Knowing this, it can be understood that bitcoin is a means of payment that can ensure the trust of the participants in the transaction in situations where this trust cannot be obtained objectively. Also, the first cryptocurrency solved another problem of payment systems — this is the absence of the need to use secure communication channels to transmit information about payments. Thus, bitcoin became the means that made it possible to transfer ownership of an asset directly, without intermediaries, through ordinary communication channels, which were used by the world Wide Web.
How Bitcoin works
Bitcoin is a registry of records stored in the form of a distributed registry called [blockchain] (/blog/tools/technologies/blockchain-kak-poyavilis-cepochki-blokov/). Although information is stored in the open in the blockchain, however, there are no records of the actual owner of an address. Also, in contrast to banking and classical payment systems, information about the wallet balance is not recorded, but calculated each time when accessing the distributed registry. Simply put, if there is a cell in the bank database with data on available funds, then bitcoin passes through the chain, where, for example, there is information that 5 bitcoins were received to a specific address in two transactions, and only two were spent, will reflect the available balance of three coins in the client program.

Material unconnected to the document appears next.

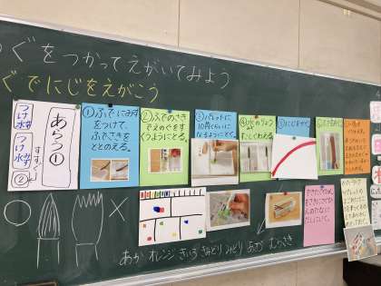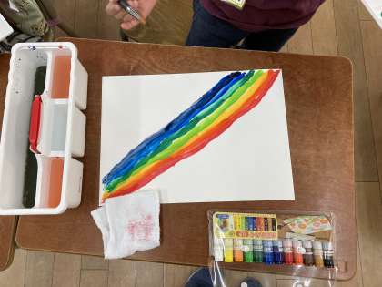 図工の学習で初めて絵の具を使いました。みんなで虹を描き、紫色は、赤色と青色の絵の具を混ぜて自分で色を作りました。
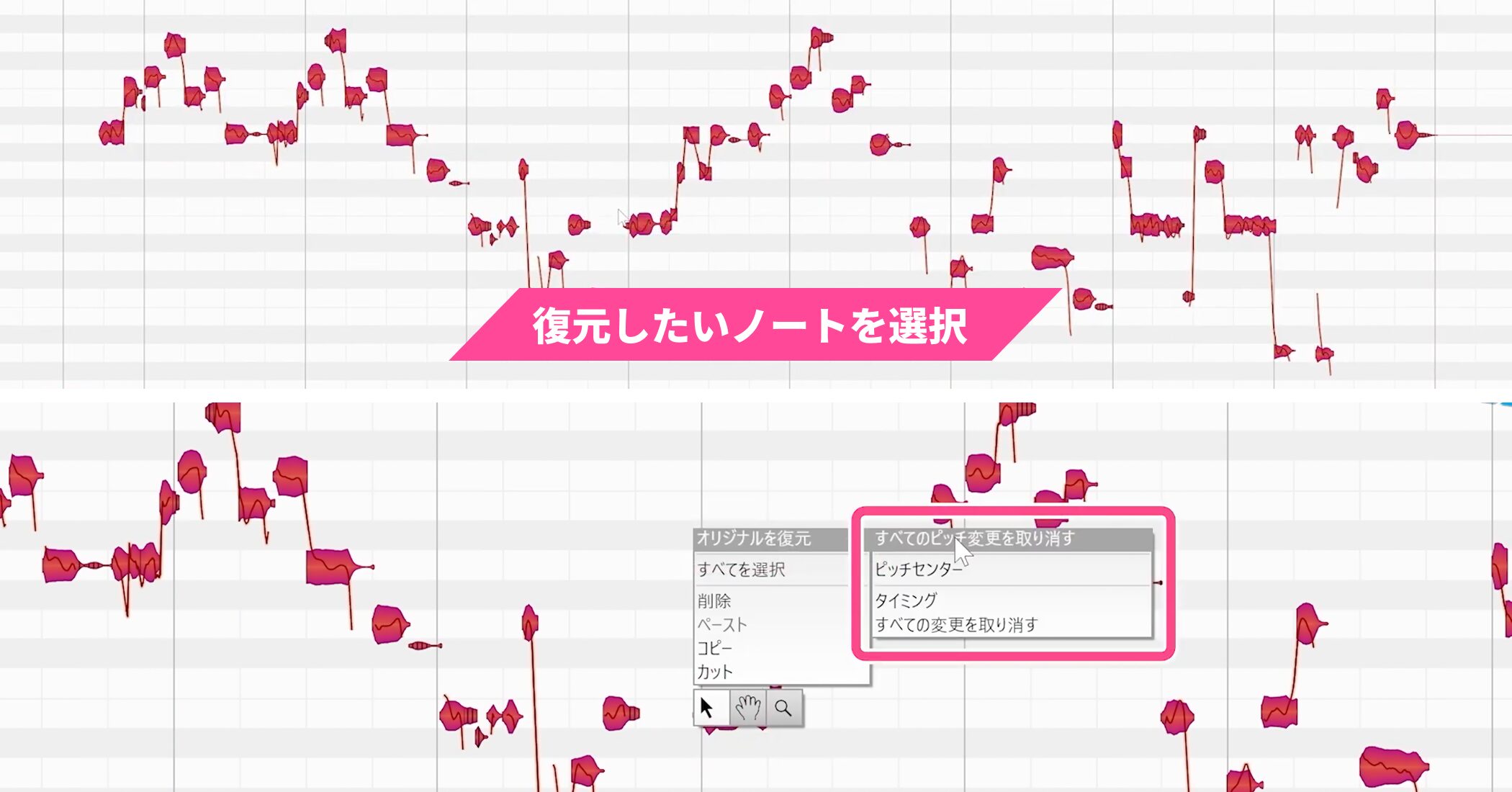 補正結果の一部または全体を元に戻したい場合は、戻したいノートを選択して右クリックし、一番上の「オリジナルの復元」からピッチ、タイミング、もしくはすべての変更を戻すかを選択できます。

The main components of using bitcoin are keys, private and public. We discussed this implementation in more detail in articles about cryptography here and here. In simple words about bitcoin, we can say this: by generating an access key to the wallet, the user automatically receives the address to which payments will be made. At the same time, there is no need to have access to the Internet, the program can generate a pair offline, which makes it possible to organize secure storage cryptocurrencies.

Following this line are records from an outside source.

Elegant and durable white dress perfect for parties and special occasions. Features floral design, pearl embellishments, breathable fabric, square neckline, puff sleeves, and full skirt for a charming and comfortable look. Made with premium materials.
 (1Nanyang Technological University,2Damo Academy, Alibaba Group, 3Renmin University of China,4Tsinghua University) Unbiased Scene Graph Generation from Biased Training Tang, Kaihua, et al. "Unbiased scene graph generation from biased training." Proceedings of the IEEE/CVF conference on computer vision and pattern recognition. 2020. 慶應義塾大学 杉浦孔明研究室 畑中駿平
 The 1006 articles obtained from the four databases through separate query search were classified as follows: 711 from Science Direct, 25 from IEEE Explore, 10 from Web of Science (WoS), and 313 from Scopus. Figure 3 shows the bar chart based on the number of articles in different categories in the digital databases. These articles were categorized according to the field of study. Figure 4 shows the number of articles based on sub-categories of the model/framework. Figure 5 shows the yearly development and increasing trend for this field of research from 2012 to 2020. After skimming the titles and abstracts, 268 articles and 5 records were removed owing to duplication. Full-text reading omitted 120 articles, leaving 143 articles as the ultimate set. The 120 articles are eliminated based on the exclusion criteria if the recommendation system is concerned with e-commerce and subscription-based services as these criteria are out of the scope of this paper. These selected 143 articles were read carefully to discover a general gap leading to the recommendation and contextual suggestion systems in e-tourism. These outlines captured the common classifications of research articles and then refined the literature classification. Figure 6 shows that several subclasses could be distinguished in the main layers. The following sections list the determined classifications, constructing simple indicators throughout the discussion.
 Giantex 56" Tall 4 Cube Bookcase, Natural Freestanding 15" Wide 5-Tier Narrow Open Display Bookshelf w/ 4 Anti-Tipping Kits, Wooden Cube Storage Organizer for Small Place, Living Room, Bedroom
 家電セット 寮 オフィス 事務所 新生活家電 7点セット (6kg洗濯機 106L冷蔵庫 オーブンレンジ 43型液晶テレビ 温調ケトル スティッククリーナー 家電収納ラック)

To send funds from one address to another, it is enough to initiate a transfer in the client program and sign it with your private key. After being sent to the network, the miners involved in maintaining the bitcoin network’s operability include information about the transaction in the distributed registry, and the transfer can be considered completed. You can read more about the implementation of blockchain in cryptocurrency in this article.
Although bitcoin has become a breakthrough in the world of digital finance, many other cryptocurrencies have appeared after it. Some simply copied the source code and the block chain when they saw the development of the coin in a different direction from most. Others have been developing an entirely new model, giving users new features or increased privacy. In any case, it was bitcoin that launched a new milestone in the world of digital money, and understanding what it is will be useful if you want to use a reliable means of saving or payment.